(DATASET CONTENT Opens)

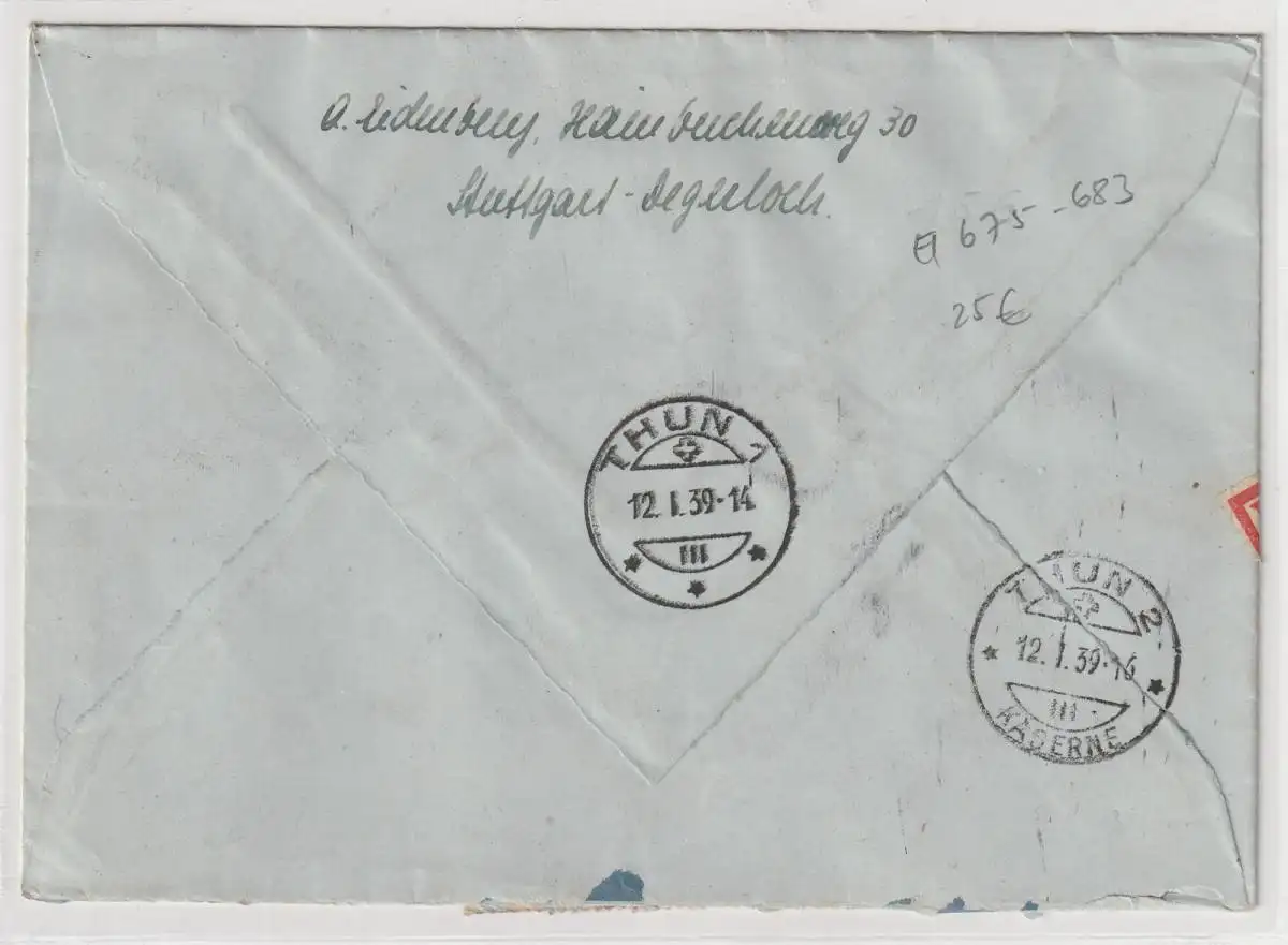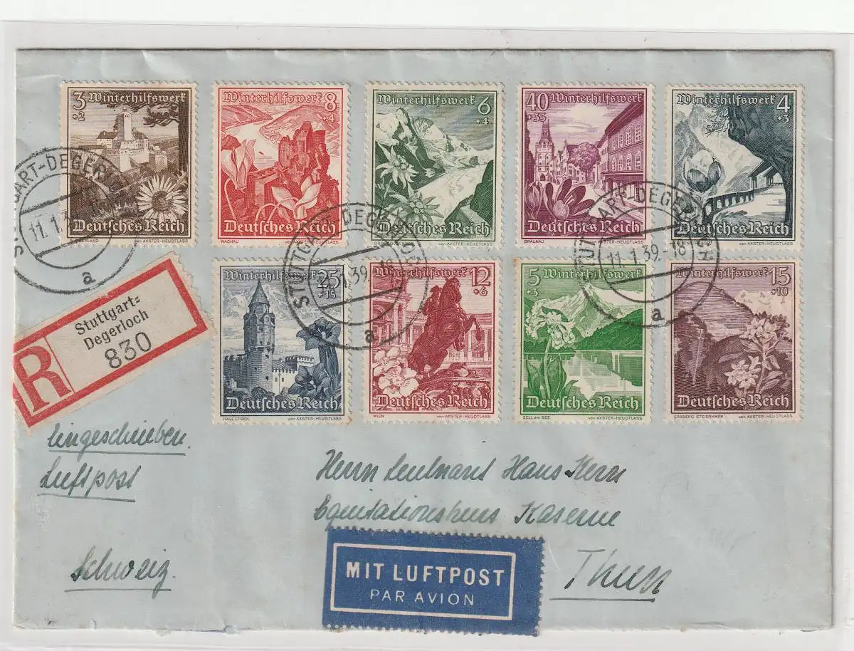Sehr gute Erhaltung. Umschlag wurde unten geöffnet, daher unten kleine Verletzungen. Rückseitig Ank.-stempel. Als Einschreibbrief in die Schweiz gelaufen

(DATASET CONTENT Closes)
(DATASET CONTENT Opens)

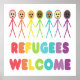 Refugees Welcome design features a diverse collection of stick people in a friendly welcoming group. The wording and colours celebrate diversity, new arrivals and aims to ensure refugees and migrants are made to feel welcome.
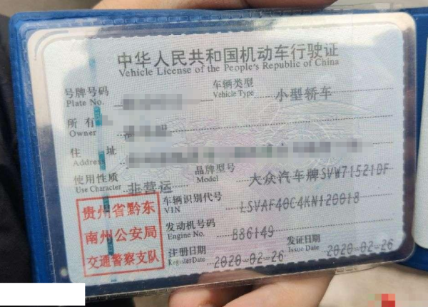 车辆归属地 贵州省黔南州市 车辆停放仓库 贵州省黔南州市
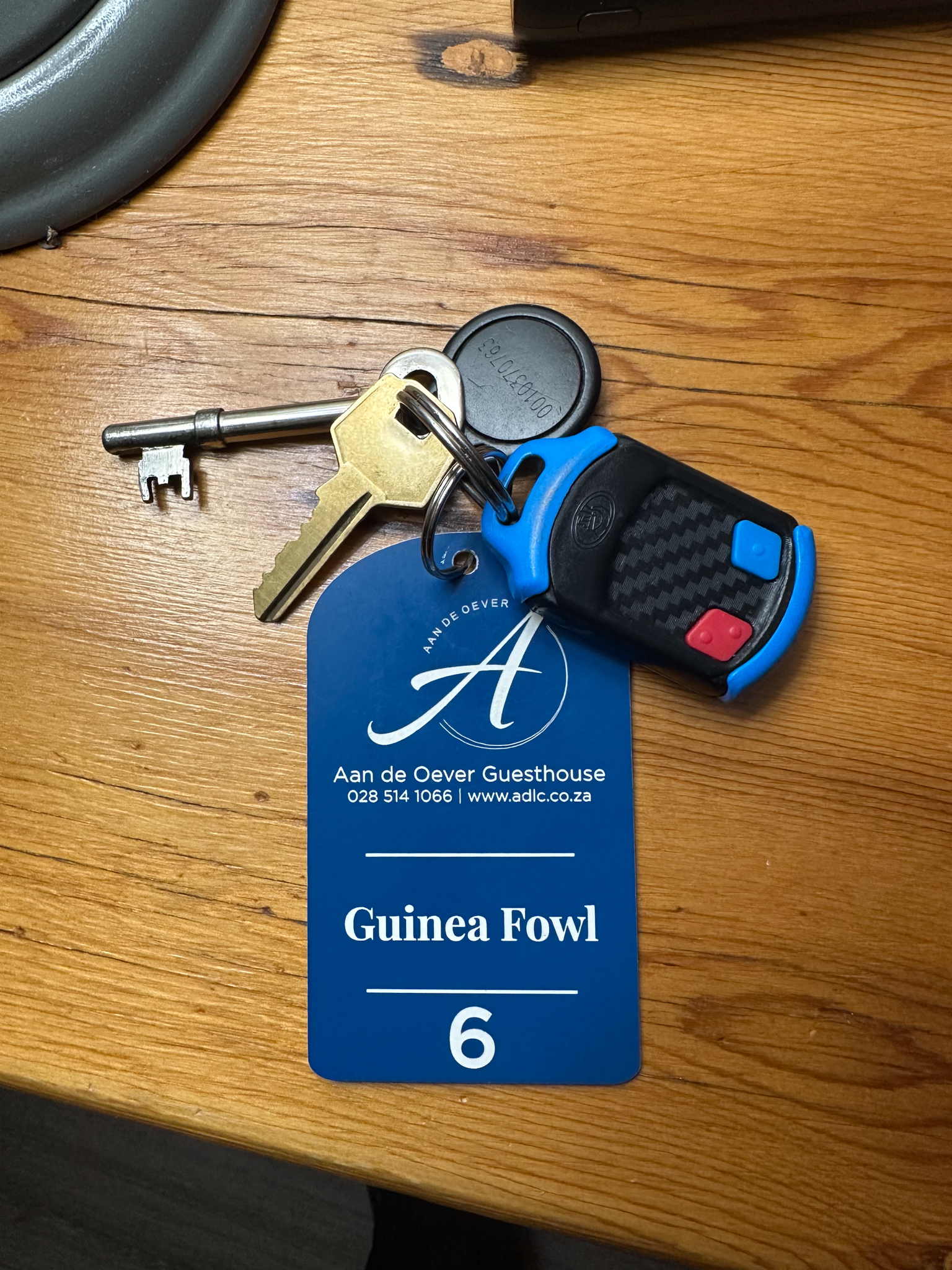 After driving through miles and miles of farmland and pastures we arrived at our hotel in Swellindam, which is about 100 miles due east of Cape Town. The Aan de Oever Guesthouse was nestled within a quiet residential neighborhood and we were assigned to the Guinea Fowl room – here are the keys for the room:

(DATASET CONTENT Closes)

## WORK ORDER
Once the line with "车辆归属地 贵州省黔南州市 车辆停放仓库 贵州省黔南州市" is found above, transcribe each line from it through the line with "After driving through", exactly, and omit the pictures.

## ANSWER BOX
 车辆归属地 贵州省黔南州市 车辆停放仓库 贵州省黔南州市
 After driving through miles and miles of farmland and pastures we arrived at our hotel in Swellindam, which is about 100 miles due east of Cape Town. The Aan de Oever Guesthouse was nestled within a quiet residential neighborhood and we were assigned to the Guinea Fowl room – here are the keys for the room:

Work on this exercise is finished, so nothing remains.